Dear Team,
I have a scenario where I need to provide priority access to multiple users from different projects for only 3 nodes. This means that, at any given time, only 3 nodes can be used in that partition, and if one user is utilizing all 3 nodes, no other user should be able to submit jobs to that partition, or their jobs should remain in the queue.
To achieve this, I attempted to use QoS by creating a floating partition with some of the nodes and configuring a QoS with priority. I also set a limit with GrpTRES=gres/gpu=24, given that each node has 8 GPUs, and there are 3 nodes in total. I then attached the QoS to the partition and assigned it to the users who need access. I Also tried MaxTRES=gres/gpu=24
While this setup works as expected in the testing environment for CPUs, it is not functioning as intended in production, and it is not effectively restricting node usage in the partition. Could anyone provide suggestions or guidance on how to properly implement node restrictions along with priority?
Thank you for your assistance.
Best regards, Manisha Yadav
------------------------------------------------------------------------------------------------------------ [ C-DAC is on Social-Media too. Kindly follow us at: Facebook: https://www.facebook.com/CDACINDIA & Twitter: @cdacindia ]
This e-mail is for the sole use of the intended recipient(s) and may contain confidential and privileged information. If you are not the intended recipient, please contact the sender by reply e-mail and destroy all copies and the original message. Any unauthorized review, use, disclosure, dissemination, forwarding, printing or copying of this email is strictly prohibited and appropriate legal action will be taken. ------------------------------------------------------------------------------------------------------------
Manisha Yadav via slurm-users slurm-users@lists.schedmd.com writes:
To achieve this, I attempted to use QoS by creating a floating partition with some of the nodes and configuring a QoS with priority. I also set a limit with GrpTRES=gres/gpu=24, given that each node has 8 GPUs, and there are 3 nodes in total.
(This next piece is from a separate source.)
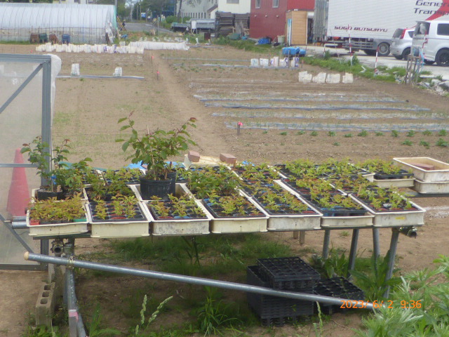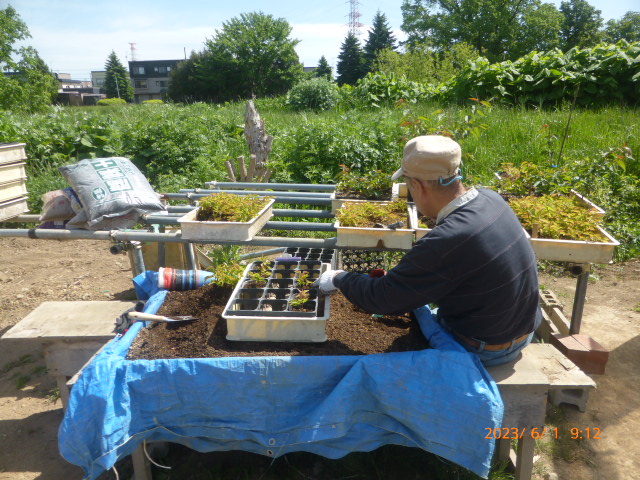 6月1日、グリーン農園で一年前採種し10p程度に成長したチシマザクラ苗を10.5pポットに植え替え。総数150ポット位出来るかな?との予想でしたが最終的に255ポット作成。立ち枯れ考えても200ポットは市民頒布出来ると思います。

If there are more nodes with GPUs, this will not prevent these users from getting GPUs on more than 3 nodes, it will only prevent them from getting more than 24 GPUs. It will not prevent them from running cpu-only jobs on other nodes either.. I think using GrpTRES=gres/gpu=24,node=3 (or perhaps simply GrpTRES=node=3) should work.
Hii,
Thanks for your valuable reply! Based on your input, I made the following changes to the system configuration: Created a new QoS: Priority: 200 Restriction: 3 nodes, 24 GPUs
Here are the commands I used: sacctmgr add qos test sacctmgr modify qos test set priority=200 sacctmgr modify qos test set GrpTRES=cpu=24 sacctmgr modify qos test set GrpTRES=gres/gpu=24,node=3
Attached the QoS to users from different groups as their default QoS.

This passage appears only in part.